** PROVIDED DATA **
BEGIN

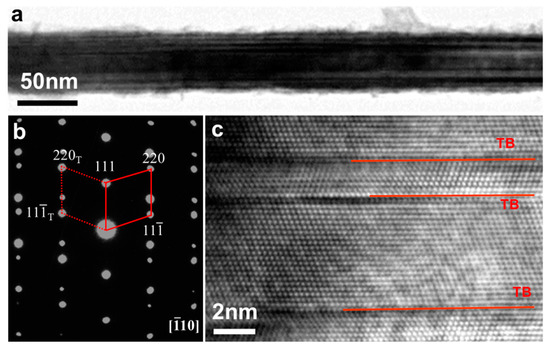 (a) TEM image showing the microstructure of twin-structured Ni NWs. (b) The corresponding selected area electron diffraction patterns captured along the direction, indicating the presence of (111) twins in the NWs. (c) HTEM image revealing the growth of several twins in the Ni NWs.
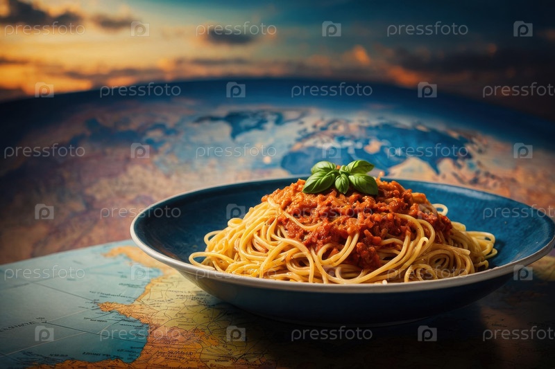 ИИ генеративные вареные итальянские макароны на карте, карта Всемирного дня продовольствия
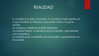 Este documento discute la realidad y el conocimiento. Define la realidad como aquello que se nos presenta en nuestra experiencia de forma directa e inteligible, y argumenta que determinar qué es real ha sido objeto de debate a lo largo de la historia. También explora el concepto de conocimiento como un conjunto de información adquirida a través de la experiencia, el aprendizaje o la introspección, y cómo la ciencia considera que el conocimiento científico debe ser probado mediante el método científico.

END

** DIRECTIONS **
Exclude every picture, then reproduce the remaining data character for character.

** REPLY **
 (a) TEM image showing the microstructure of twin-structured Ni NWs. (b) The corresponding selected area electron diffraction patterns captured along the direction, indicating the presence of (111) twins in the NWs. (c) HTEM image revealing the growth of several twins in the Ni NWs.
 ИИ генеративные вареные итальянские макароны на карте, карта Всемирного дня продовольствия
 Este documento discute la realidad y el conocimiento. Define la realidad como aquello que se nos presenta en nuestra experiencia de forma directa e inteligible, y argumenta que determinar qué es real ha sido objeto de debate a lo largo de la historia. También explora el concepto de conocimiento como un conjunto de información adquirida a través de la experiencia, el aprendizaje o la introspección, y cómo la ciencia considera que el conocimiento científico debe ser probado mediante el método científico.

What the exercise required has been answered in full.